**Task prompt**
The lines to retype run from the one containing "Dolphins race playfully" through the end of the listing below. Reproduce them exactly, leaving out pictures.

━━━━━ Material for this exercise

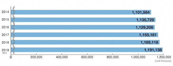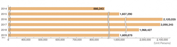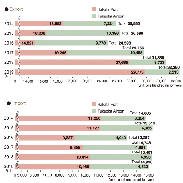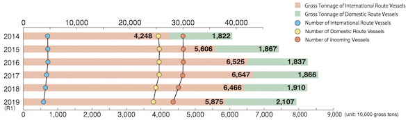 Domestic and foreign vessels calling at Hakata Port in 2019 numbered 28,351 or about 79.82 million gross tons. The freight via the port was about 34.84 million tons (101.7% from the previous year). The number of international seaborne containers was some 960,000TEUs (100.7% from the previous year).
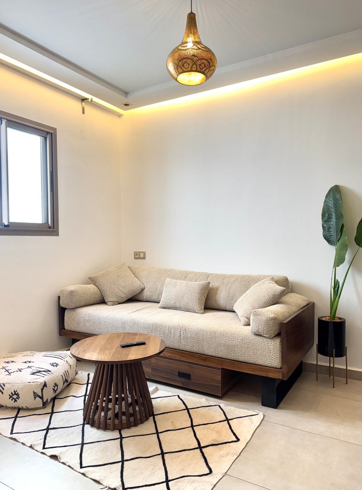 A modern studio apartment with a Moroccan flair. Open-plan living area features comfy sofa with pillows, that doubles as an extra bed, smart TV with Netflix, high-speed WiFi, and a fully equipped kitchen. The bedroom includes queen bed, and a wardrobe with hanging rail, drawers, and woven baskets for storage. Bathroom has walk-in rain shower, illuminated mirror, vessel sink, soap dispenser, toiletries shelf. Perfect for surfers and those seeking serene coastal comfort and convenience.
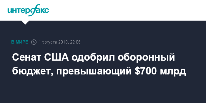 Москва. 1 августа. INTERFAX.RU - Сенат США в среду проголосовал за оборонный бюджет на 2019 финансовый год размером в $717 млрд, сообщает The Washington Examiner.
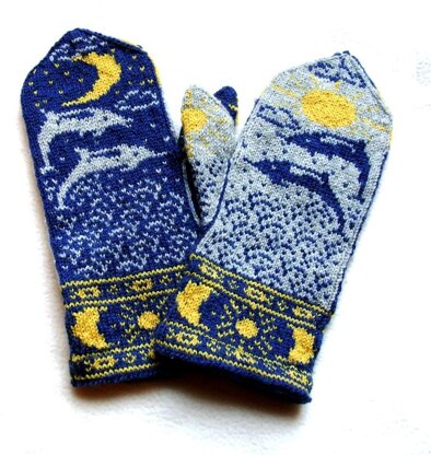 Dolphins race playfully beneath the brilliant solstice sun and moon.
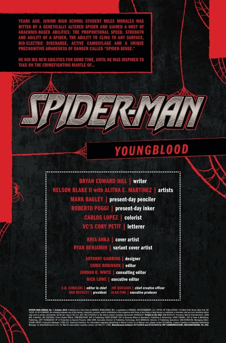 STARRING MILES MORALES! Before he wore the webs, he was just Miles Morales: newly-minted Brooklyn Visions Academy student with hidden spider powers! When a Secret Invasion of Skrulls turns Manhattan upside down, Miles must choose: do his great powers come with great responsibility? A mysterious new chapter for Miles is unveiled by rising superstars Bryan Edward Hill (Detective Comics) and Nelson Blake II (Marvel New Year’s Eve Special)

━━━━━━━━━━

**Reply to the exercise**
 Dolphins race playfully beneath the brilliant solstice sun and moon.
 STARRING MILES MORALES! Before he wore the webs, he was just Miles Morales: newly-minted Brooklyn Visions Academy student with hidden spider powers! When a Secret Invasion of Skrulls turns Manhattan upside down, Miles must choose: do his great powers come with great responsibility? A mysterious new chapter for Miles is unveiled by rising superstars Bryan Edward Hill (Detective Comics) and Nelson Blake II (Marvel New Year’s Eve Special)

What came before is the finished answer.